Look at the Coat of Arms in the centre of the picture above and it is, at first glance, familiar. The three lions, the crown and the ‘Honi Soit Qui Mal Y Pense’ mark it as the Royal Arms. What is different is the quartering of the lions of England with the Fleur-di-Lis of France. King Henry IV introduced this design and it was first used from 1399 to 1422. It was used intermittently, by King Edward IV (King Henry VI had different ideas) and various other kings until the end of Queen Elizabeth I’s reign in 1603. This was the date of the Union under King James VI of Scotland (see below), that brought Irish and Welsh emblems into the Royal Arms.
The French emblems tell the tale of the claim to the French throne of a succession of English kings, starting with Edward III in 1340. However, they also reveal the age of Lincoln’s Inn, or rather this gatehouse, which dates to 1518 and is the oldest part of the Inn. The Royal Arms of the king at that time, Henry VIII, are flanked by the unusual purple (a very expensive colour in days gone by) dragon of Henry de Lacy, third Earl of Lincoln. He died in 1311 and it was thought the Inn was built on his land. The gatehouse was restored in 1695 and 1969, which is why it looks so good, the Arms being repaired in 1815 (the date of the Battle of Waterloo, of course).
The Treasurer in 1518, the man who found the money (a third of it his own), was Sir Thomas Lovell, whose arms are on the right. He also makes an appearance in Shakespeare’s King Henry VIII. And it was during a performance of the play in 1613 at the Globe Theatre (built in 1599) that a cannon used during the opening scene set fire to the thatched roof. The wooden building quickly burnt to the ground but there is no record of casualties. Although rebuilt two years later, with a tiled roof, it was finally closed by the Puritans in 1642 and demolished two years later.

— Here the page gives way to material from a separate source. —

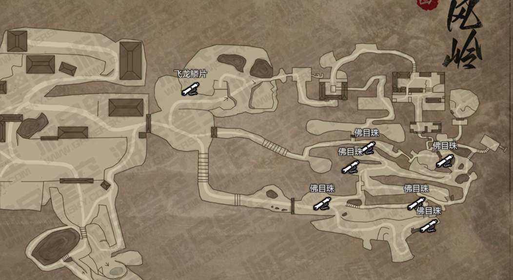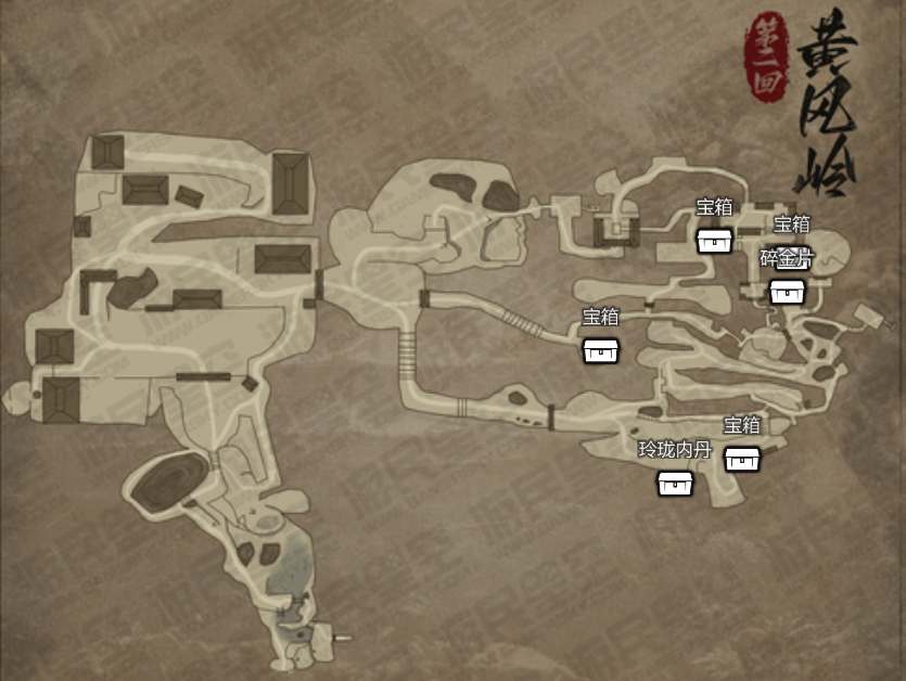 第二章黄风岭宝箱的分布如下图所示,一共有6个。
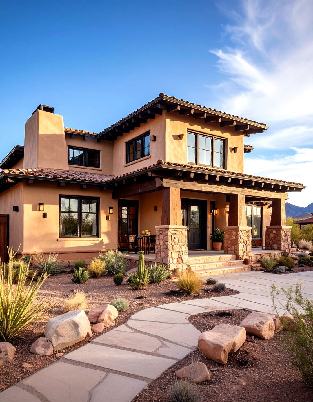 What makes Southwestern architecture feel both authentic and contemporary? Tan stucco walls reminiscent of traditional adobe paired with black trim details create desert elegance that honors regional traditions while feeling current and sophisticated. The smooth texture of tan stucco provides desert-appropriate durability while black window trim and door details create crisp contrast against the neutral backdrop. Flat rooflines with black parapet walls maintain the style's connection to Pueblo architecture while creating opportunities for rooftop outdoor spaces and dramatic sky views. This design approach works particularly well with xeriscaping, outdoor courtyards, and landscape elements that celebrate the beauty of desert environments.

The records of Lincoln’s Inn only survive back to 1422 but it is thought to be almost a century older. The word ‘Inn’ was also applied to large houses, usually with a hall, used by groups of important people such as churchmen and lawyers when in town on business. Since they had a large amount of little-used space, they provided useful accommodation for impoverished law students who were learning their trade by attending court. Some 20 Inns became associated with lawyers and eventually starting offering lessons, with the four present major Inns of Court becoming established: Lincoln’s Inn, Inner Temple, Middle Temple and Gray’s Inn. Other Inns became known as the Inns of Chancery.
DID YOU KNOW: Lincoln’s Inn Field is the largest public square in London and was once used for executions. The most notorious was Anthony Babington, a Roman Catholic found guilty of trying to assassinate the Protestant Queen Elizabeth I and replace her with Mary Queen of Scots, her Catholic cousin.
Found guilty of treason in 1586, Babington’s death with six others by being hung, drawn and quartered was so awful that Queen Elizabeth ordered a second group of seven conspirators to be merely hung until dead. Perhaps that is the origin of the expression ‘hung by the neck until dead’? It is actually an act of mercy, as opposed to being hung, drawn and quartered, when you were taken down once unconscious, revived, then gutted etc as memorably portrayed by Mel Gibson in Braveheart.
The Babington Plot led directly to Mary’s own execution for treason a few months afterwards. She was beheaded – a more merciful death reserved for royalty. Her death was one of the factors that prompted King Philip of Spain to launch the Spanish Armada – an attempted invasion of England in 1588. Ironically, on the death of the childless Elizabeth in 1603, Mary’s son, King James of Scotland, became King of England anyway – which, as mentioned above, did away with the version of the Royal Arms shown. A lot of history on one gatehouse.